Andrew Botterell. Case Comment: 1688782 Ontario Inc. v. Maple Leaf Foods Inc. Canadian Cases on the Law of Torts (Articles). (2021) 69 C.C.L.T. (4th) 137. (WLNC – request a copy.)
1688782 Ontario Inc. v. Maple Leaf Foods Inc. is an important and welcome decision that has the potential to substantially change the way in which negligence liability is understood in Canada.
Criminal Law
R. v. T.J.M., 2021 SCC 6: Issue of which court has jurisdiction to grant judicial interim release to a young person. Provincial Court of Alberta is the designated youth court, but because the Crown gave notice of intention to pursue an adult sentence, accused was entitled to elect mode of trial. He chose a superior court sitting without a jury. Discussion of exclusive versus concurrent jurisdicition. From the headnotes:
Section 33(8) of the YCJA confers exclusive jurisdiction upon “a youth justice court judge” to release a young person charged with an offence referred to in s. 522 of the Criminal Code, which incorporates s. 469 offences, from custody. It does not qualify the term “youth justice court judge” so as to include only those superior court justices deemed under ss. 13(2) and 13(3) to be youth justice court judges. Just as ss. 13(2) and 13(3) of the YCJA deem a superior court judge to be a youth justice court judge, s. 13(1) also designates as a youth justice court judge a judge sitting in the court established by the province as a youth justice court. Accordingly, the jurisdiction is concurrent, and not exclusive to either of them.
R. v. Waterman, 2021 SCC 5: Unreasonable verdict appeal of a jury trial. Issue over credibility of complainant. Events took place between 1977 and 1981. SCC allowed the appeal, set aside the acquittals and restored the convictions. 2020 NLCA 18.
Moldaver J. — The only issue on this unreasonable verdict appeal is whether the inconsistencies in the complainant’s testimony are so significant that a conviction registered on the basis of his evidence is unreasonable as a matter of law. Although some of the inconsistencies are troubling, a majority of the Court is satisfied that the jury acted reasonably in believing the complainant.
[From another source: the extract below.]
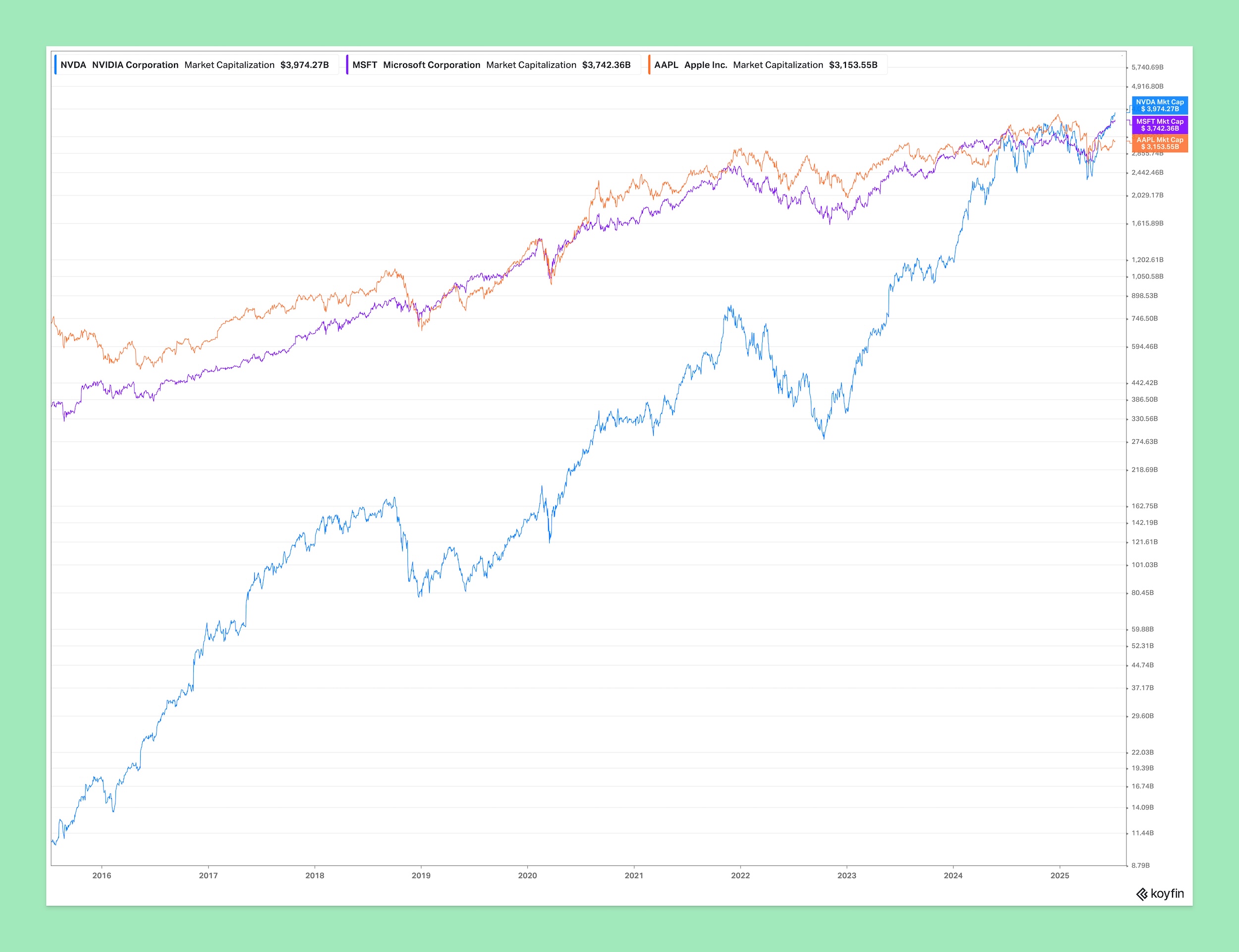 Vývoj tržní kapitalizace Nvidie (modrá), Microsoftu (růžová) a Applu (oranžová) na grafu Koyfin

R. v. Murtaza, 2021 SCC 4: Appeal of conviction over selling cocaine to an undercover officer. Issue over whether officer relied on his own memory of the face of the appellant or if he was influenced by a review of a short video of the transaction. ABCA dismissed appeal; SCC dismissed substantially for the reasons of Rowbotham, J.A. (2020 ABCA 158):
[15] I agree with my colleague Wakeling JA that the appeal should be dismissed for the reasons set out in his judgment, with the exception of his discussion at footnote 3. The issue of how a trial judge should address the accused’s change of appearance between the offence and trial was not argued in the court below. There is no ground of appeal that raises this issue. We did not receive submissions, either written or oral and we did not give counsel the opportunity to provide submissions.
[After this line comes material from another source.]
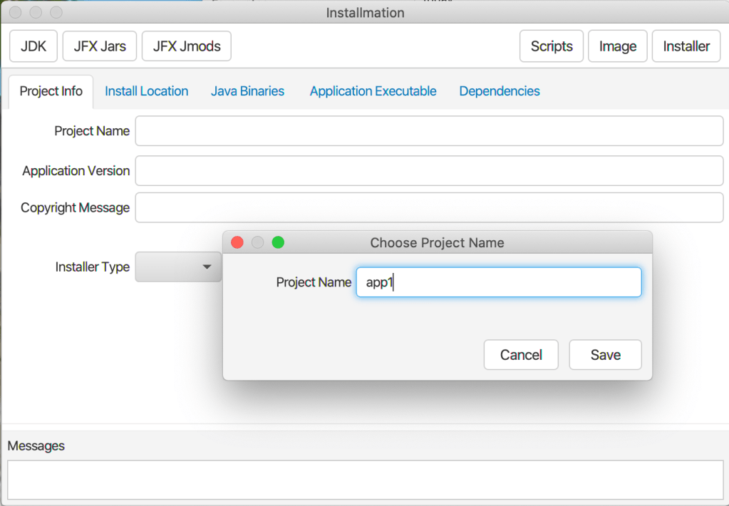 Create a new project and save it. All files are saved in the <user.home>/.installmation directory. Fill in the project name, and set the installer type to pkg. The other fields are optional and will default to sensible values.

[16] In order to preserve the independence and impartiality of the appeal courts, the ability of appeal judges to raise new issues is limited in that it is permissible “only in rare circumstances” when “failing to do so would risk an injustice”: R v Mian, 2014 SCC 54 at paras 39 and 41.
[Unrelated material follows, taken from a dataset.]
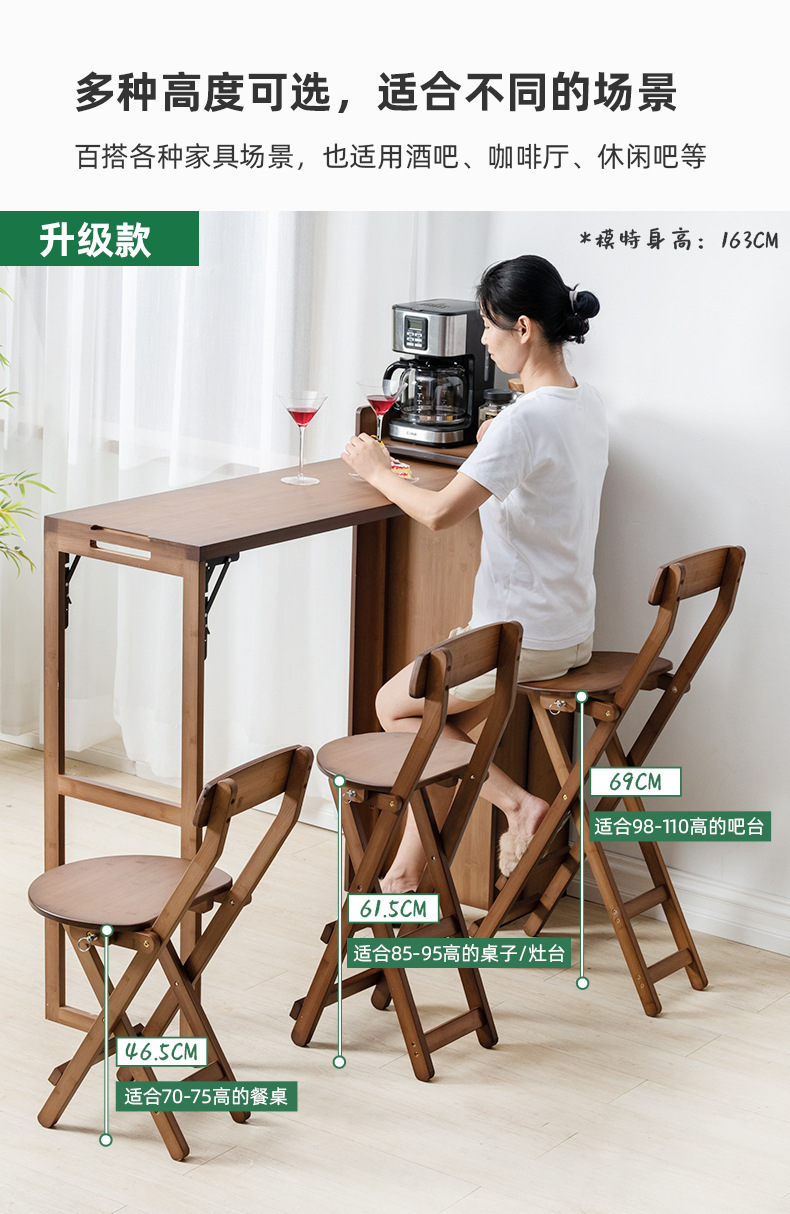 • 대나무 바 의자 큰 기본 색상의 접이식 무료 설치

[17] This is not the rare circumstance contemplated by the Supreme Court and there is no risk of injustice. In my view, it is inappropriate for this court to opine on this issue.
R. v. Deslauriers, 2021 SCC 3: Crown appeal as of right on questions of law.
A majority of this Court would dismiss the appeal for the reasons given by Chamberland J.A.
Judge Roy erred in law in denying Mr. Deslauriers the right to obtain and, if need be, file documents relating to the existence of three criminal investigations and a report from the Centre jeunesse des Laurentides involving the victim. There was a likely and reasonable possibility that the information in question could assist Mr. Deslauriers in exercising his right to make full answer and defence.
Abella and Brown JJ. would have allowed the appeal and restored the guilty verdict.
R. v. Yusuf, 2021 SCC 2: Oral decision on delay. Unanimous decision dismissing appeal.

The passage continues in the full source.